Greens Leader Adam Bandt MP will today join Member for Griffith Max Chandler-Mather and Senator Penny Allman-Payne to launch the Greens' plan for free school meals across the country.
Since Max Chandler-Mather's election in 2022, Max's Griffith electorate office has served 40,000 free school meals across a weekly breakfast program in four public schools in the electorate. The programs are funded by Max's MP salary.
Teachers in Griffith have reported that on days with free school breakfast, students are more focussed on learning and better behaved.
In addition to alleviating cost of living pressures, school meals have been shown to improve kids' attendance, classroom attention, cognition, academic performance, social skills, nutrition and overall health. They're also a significant preventive action for youth crime, keeping vulnerable kids in school and out of the youth justice system.
The Greens have put forward a costed plan that would see every public school funded to provide a nutritious lunch to every student. To achieve this aim, the PBO has estimated it would be a cost to the budget of $11.6b over the forward estimates which is less than the budget currently spends on fossil fuel subsidies. The Greens will also invest $85m annually to expand existing free breakfast programs in schools across the country.
This is on top of school policies previously announced, including an annual back-to-school payment of $800 made to families at the start of the school year for each child attending a public school; abolishing public school fees and charges to make public schools genuinely free; and fully-funding public schools to 100% Schooling Resource Standard in 2026.

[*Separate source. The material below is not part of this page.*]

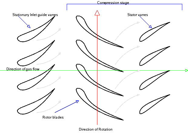 diagram of axial flow compressor

This massive boost for families would be funded by making big corporations pay their fair share of tax. The previously announced Big Corporations Tax frees up $514 billion across the decade to help fund dental into Medicare, free and universal childcare and free school lunches
As stated by Leader of the Australian Greens Adam Bandt MP:
"In a wealthy country like ours, no kids should go to school hungry.

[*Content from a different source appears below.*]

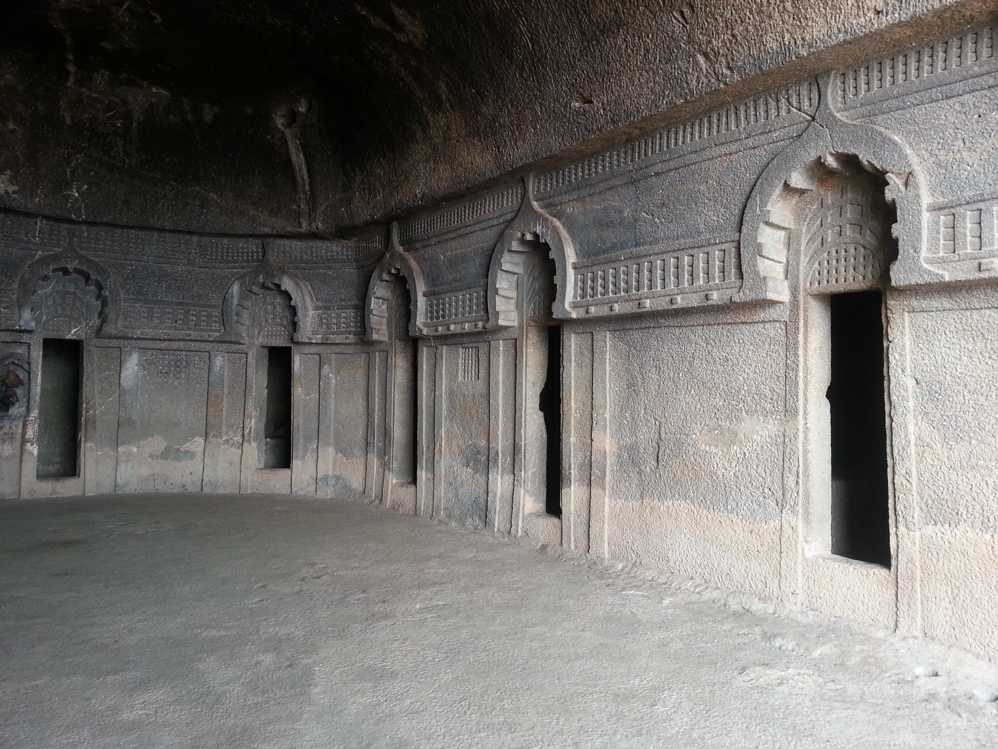 The picture shows carved viharas, at the Bedse caves near Pune

"Peter Dutton wants free lunches for CEOs, the Greens want free lunches for school kids.
"Under Labor and Liberal, 1 in 3 big corporations pays no tax while parents struggle with the cost of living.
"The Greens will tax big corporations and billionaires so kids can get free lunch at school. If you're worried about the cost of living, we can't keep voting for the same two parties and expecting a different result.
"If Brisbane voters keep Brisbane Green they can keep Peter Dutton out and get Labor to act on the cost of living crisis."
As stated by Greens spokesperson on Primary & Secondary Education, Senator Penny Allman-Payne:
"A universal program of school lunches in every public school will ease the cost-of-living burden on families, improve the health and well-being of our kids, and help level the playing field for our most disadvantaged students.
"As a former teacher, I know that kids learn better on a full stomach. This will improve attention and behaviour in the classroom, and enable kids to engage and get the most out of school.
"Imagine sending your child off to school each day knowing they'll receive a nutritious lunch - one that you didn't have to pay for and prepare each morning.
"Every child deserves a free, world-class public education, and that's what the Greens are committed to delivering."
As stated by Greens MP for Griffith Max Chandler-Mather:
"This is what politics should be about: leaders putting their money where their mouth is, and making a difference in ordinary people's lives."
"My team and I run a free school breakfast program for two reasons: the first is that while we fight for the changes we need in Canberra so that everyone has what they need to live a good life, we believe it's important that we do everything we can to support people in their everyday lives in the here and now.
"The second is to demonstrate that if we can serve 40,000 free school meals out of just our electoral office and an MPs salary, there's no reason that the federal government couldn't roll a program like this out right across the country."
"Since my election in 2022 we've built the program up into four local public schools, and hope to grow with an additional two local schools before the end of the year."